> **REQUIRED ACTION**
When copying the data below, keep only the lines from the one with "Call telephone No." through the one with "A DustHog SFC", word for word, and skip the pictures.
========================================================================
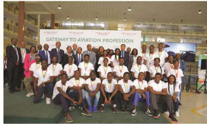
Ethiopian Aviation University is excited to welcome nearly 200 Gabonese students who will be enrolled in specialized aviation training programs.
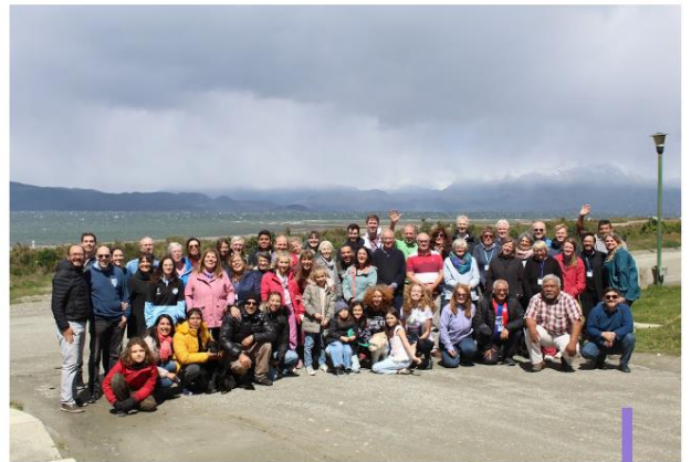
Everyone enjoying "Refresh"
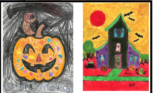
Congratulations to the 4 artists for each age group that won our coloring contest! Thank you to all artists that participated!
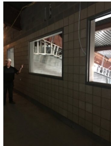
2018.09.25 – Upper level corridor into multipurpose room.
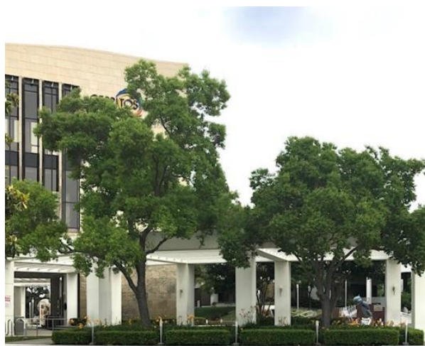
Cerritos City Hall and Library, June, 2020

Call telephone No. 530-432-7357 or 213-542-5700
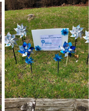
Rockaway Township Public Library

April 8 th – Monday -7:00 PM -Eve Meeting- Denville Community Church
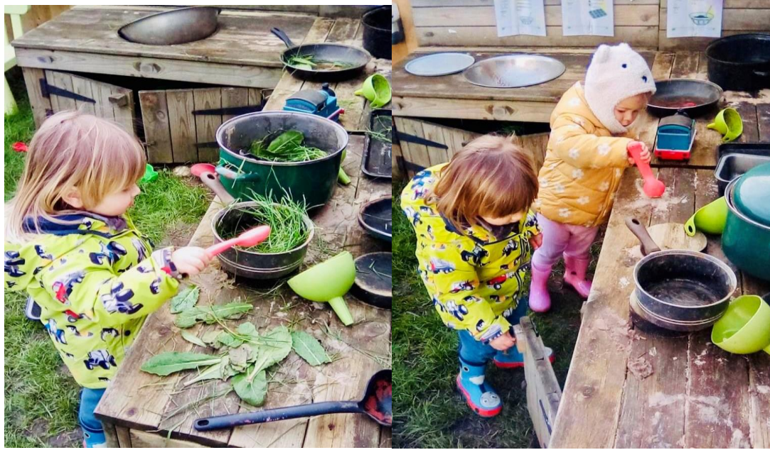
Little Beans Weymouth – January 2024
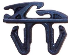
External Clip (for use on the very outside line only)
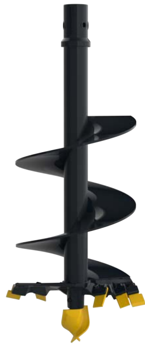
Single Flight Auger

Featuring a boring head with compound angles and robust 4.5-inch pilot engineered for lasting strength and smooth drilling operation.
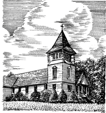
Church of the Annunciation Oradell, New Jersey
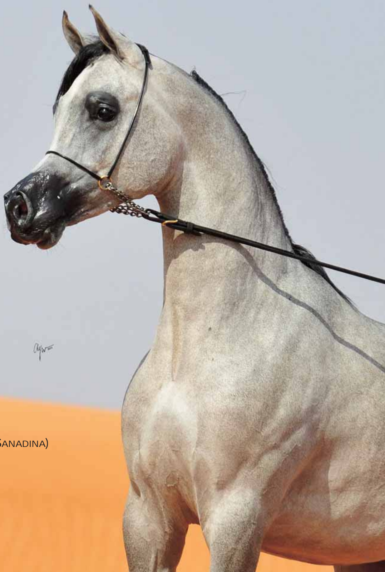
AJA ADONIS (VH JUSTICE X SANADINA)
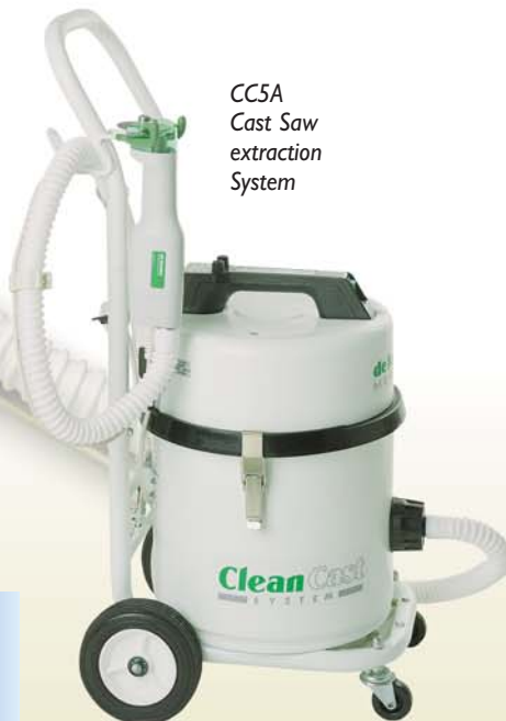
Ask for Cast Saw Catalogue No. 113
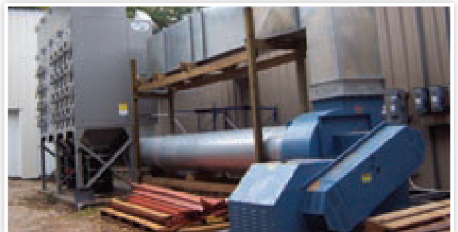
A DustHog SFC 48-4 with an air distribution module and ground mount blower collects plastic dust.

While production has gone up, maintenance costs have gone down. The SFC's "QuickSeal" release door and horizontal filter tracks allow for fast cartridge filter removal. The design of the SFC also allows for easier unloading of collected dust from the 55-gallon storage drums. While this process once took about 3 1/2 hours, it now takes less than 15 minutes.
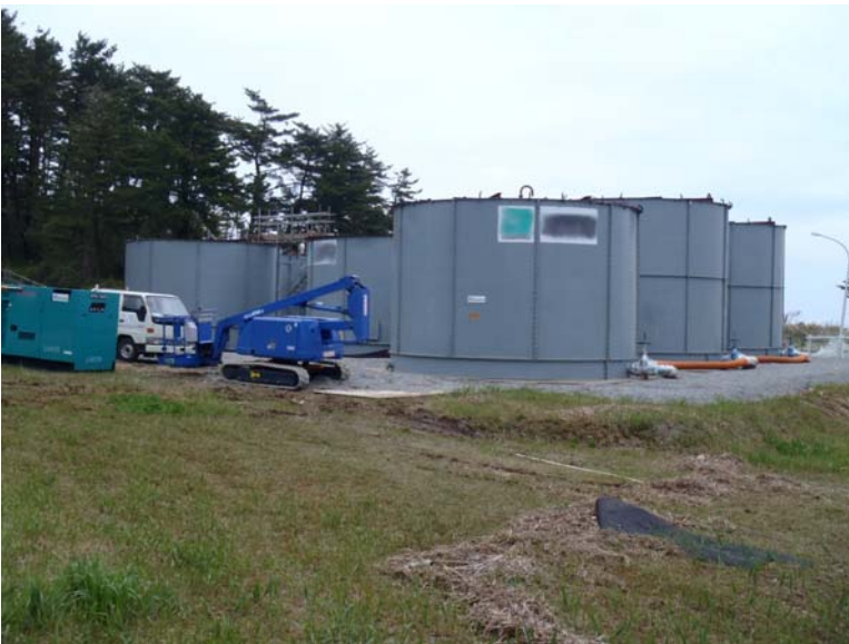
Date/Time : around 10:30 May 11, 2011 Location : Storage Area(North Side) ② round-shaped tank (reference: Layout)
========================================================================
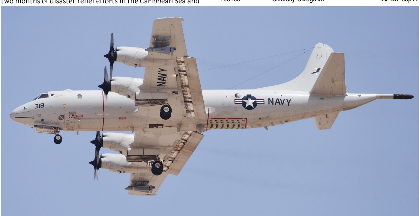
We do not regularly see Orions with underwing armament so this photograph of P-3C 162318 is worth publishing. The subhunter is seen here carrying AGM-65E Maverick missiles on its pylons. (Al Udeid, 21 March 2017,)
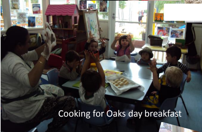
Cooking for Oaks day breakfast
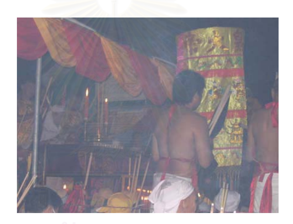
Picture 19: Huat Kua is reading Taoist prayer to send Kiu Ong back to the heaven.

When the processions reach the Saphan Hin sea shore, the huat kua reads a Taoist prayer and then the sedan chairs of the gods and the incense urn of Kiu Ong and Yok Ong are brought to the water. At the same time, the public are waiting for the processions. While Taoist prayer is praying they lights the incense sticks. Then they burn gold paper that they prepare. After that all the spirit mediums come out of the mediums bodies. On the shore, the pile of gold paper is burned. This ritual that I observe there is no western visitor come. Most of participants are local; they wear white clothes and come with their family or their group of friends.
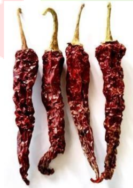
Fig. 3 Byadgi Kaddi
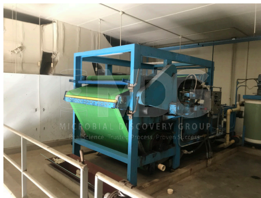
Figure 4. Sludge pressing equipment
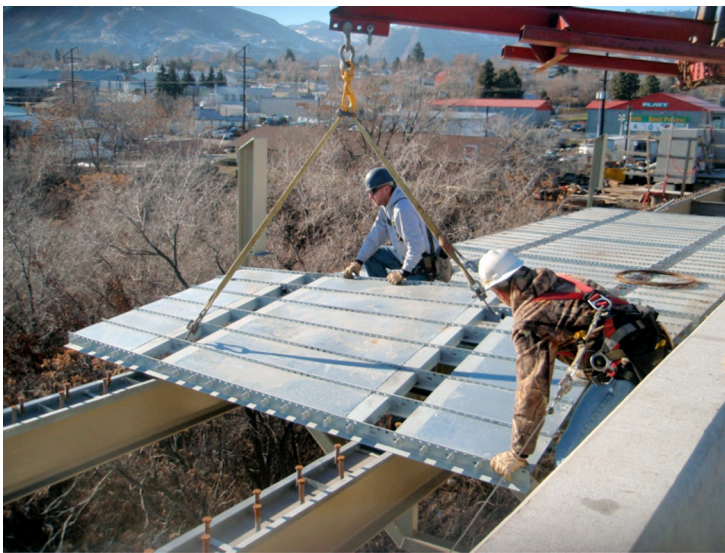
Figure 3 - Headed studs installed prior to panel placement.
========================================================================
> **YOUR SOLUTION**
Call telephone No. 530-432-7357 or 213-542-5700
Rockaway Township Public Library

April 8 th – Monday -7:00 PM -Eve Meeting- Denville Community Church
Little Beans Weymouth – January 2024
External Clip (for use on the very outside line only)
Single Flight Auger

Featuring a boring head with compound angles and robust 4.5-inch pilot engineered for lasting strength and smooth drilling operation.
Church of the Annunciation Oradell, New Jersey
AJA ADONIS (VH JUSTICE X SANADINA)
Ask for Cast Saw Catalogue No. 113
A DustHog SFC 48-4 with an air distribution module and ground mount blower collects plastic dust.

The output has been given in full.